On Fri, 2017-07-14 at 11:52 +1000, Benjamin Herrenschmidt wrote:
> There's a somewhat architectural issue with Radix MMU and KVM.
> 
> When coming out of a guest with AIL (ie, MMU enabled), we start
> executing hypervisor code with the PID register still containing
> whatever the guest has been using.
> 
> The problem is that the CPU can (and will) then start prefetching
> or speculatively load from whatever host context has that same
> PID (if any), thus bringing translations for that context into
> the TLB, which Linux doesn't know about.
> 
> This can cause stale translations and subsequent crashes.
> 
> Fixing this in a way that is neither racy nor a huge performance
> impact is difficult. We could just make the host invalidations
> always use broadcast forms but that would hurt single threaded
> programs for example.
> 
> We chose to fix it instead by partitioning the PID space between
> guest and host. This is possible because today Linux only use 19
> out of the 20 bits of PID space, so existing guests will work
> if we make the host use the top half of the 20 bits space.
> 
> We additionally add a property to indicate to Linux the size of
> the PID register which will be useful if we eventually have
> processors with a larger PID space available.
> 
> There is still an issue with malicious guests purposefully setting
> the PID register to a value in the host range. Hopefully future HW
> can prevent that, but in the meantime, we handle it with a pair of
> kludges:
> 
>  - On the way out of a guest, before we clear the current VCPU
> in the PACA, we check the PID and if it's outside of the permitted
> range we flush the TLB for that PID.
> 
>  - When context switching, if the mm is "new" on that CPU (the
> corresponding bit was set for the first time in the mm cpumask), we
> check if any sibling thread is in KVM (has a non-NULL VCPU pointer
> in the PACA). If that is the case, we also flush the PID for that
> CPU (core).
> 
> This second part is needed to handle the case where a process is
> migrated (or starts a new pthread) on a sibling thread of the CPU
> coming out of KVM, as there's a window where stale translations
> can exist before we detect it and flush them out.
> 
> A future optimization could be added by keeping track of whether
> the PID has ever been used and avoid doing that for completely
> fresh PIDs.

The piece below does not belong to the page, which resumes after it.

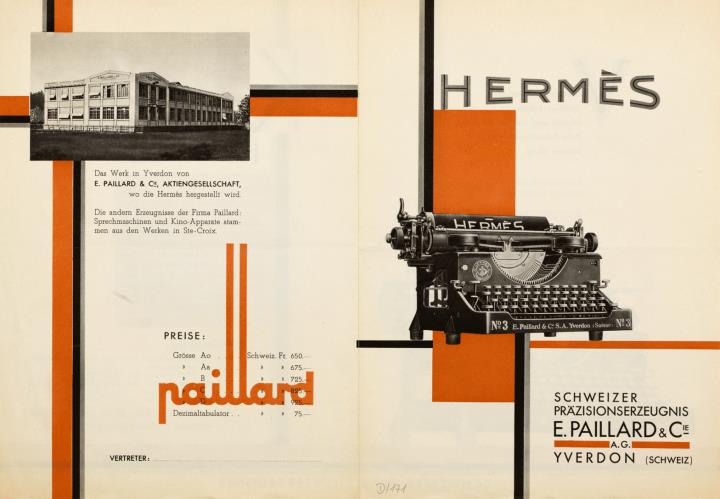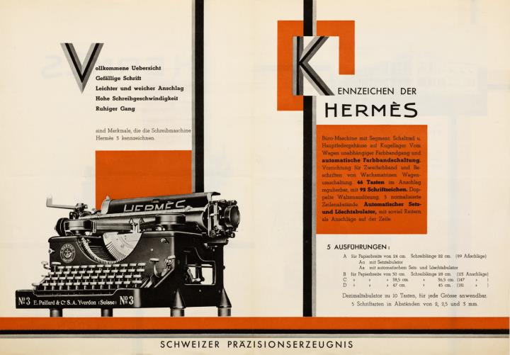 Faltprospekt für Schreibmaschine Hermes 3 Schweizer Präzisionserzeugnis

We could similarily mark PIDs that have been the subject of
> a global invalidation as "fresh". But for now this will do.
> 
> Signed-off-by: Benjamin Herrenschmidt <b...@kernel.crashing.org>
> ---
> ---
>  arch/powerpc/include/asm/book3s/64/mmu.h           | 15 ++++----
>  .../powerpc/include/asm/book3s/64/tlbflush-radix.h |  3 ++
>  arch/powerpc/include/asm/mmu_context.h             | 25 +++++++++----
>  arch/powerpc/kernel/head_32.S                      |  6 +--
>  arch/powerpc/kernel/swsusp.c                       |  2 +-
>  arch/powerpc/kvm/book3s_32_sr.S                    |  2 +-
>  arch/powerpc/kvm/book3s_hv_rmhandlers.S            | 12 ++++++
>  arch/powerpc/mm/mmu_context_book3s64.c             | 43 
> ++++++++++++++++++++--
>  arch/powerpc/mm/mmu_context_nohash.c               |  4 +-
>  arch/powerpc/mm/pgtable-radix.c                    | 31 +++++++++++++++-
>  arch/powerpc/mm/pgtable_64.c                       |  3 ++
>  arch/powerpc/mm/tlb-radix.c                        | 10 +++--
>  drivers/cpufreq/pmac32-cpufreq.c                   |  2 +-
>  drivers/macintosh/via-pmu.c                        |  4 +-
>  14 files changed, 131 insertions(+), 31 deletions(-)
> 
> diff --git a/arch/powerpc/include/asm/book3s/64/mmu.h 
> b/arch/powerpc/include/asm/book3s/64/mmu.h
> index 77529a3..5b4023c 100644
> --- a/arch/powerpc/include/asm/book3s/64/mmu.h
> +++ b/arch/powerpc/include/asm/book3s/64/mmu.h
> @@ -59,13 +59,14 @@ extern struct patb_entry *partition_tb;
>  #define PRTS_MASK    0x1f            /* process table size field */
>  #define PRTB_MASK    0x0ffffffffffff000UL
>  
> -/*
> - * Limit process table to PAGE_SIZE table. This
> - * also limit the max pid we can support.
> - * MAX_USER_CONTEXT * 16 bytes of space.
> - */
> -#define PRTB_SIZE_SHIFT      (CONTEXT_BITS + 4)
> -#define PRTB_ENTRIES (1ul << CONTEXT_BITS)
> +/* Number of supported PID bits */
> +extern unsigned int mmu_pid_bits;
> +
> +/* Base PID to allocate from */
> +extern unsigned int mmu_base_pid;
> +
> +#define PRTB_SIZE_SHIFT      (mmu_pid_bits + 4)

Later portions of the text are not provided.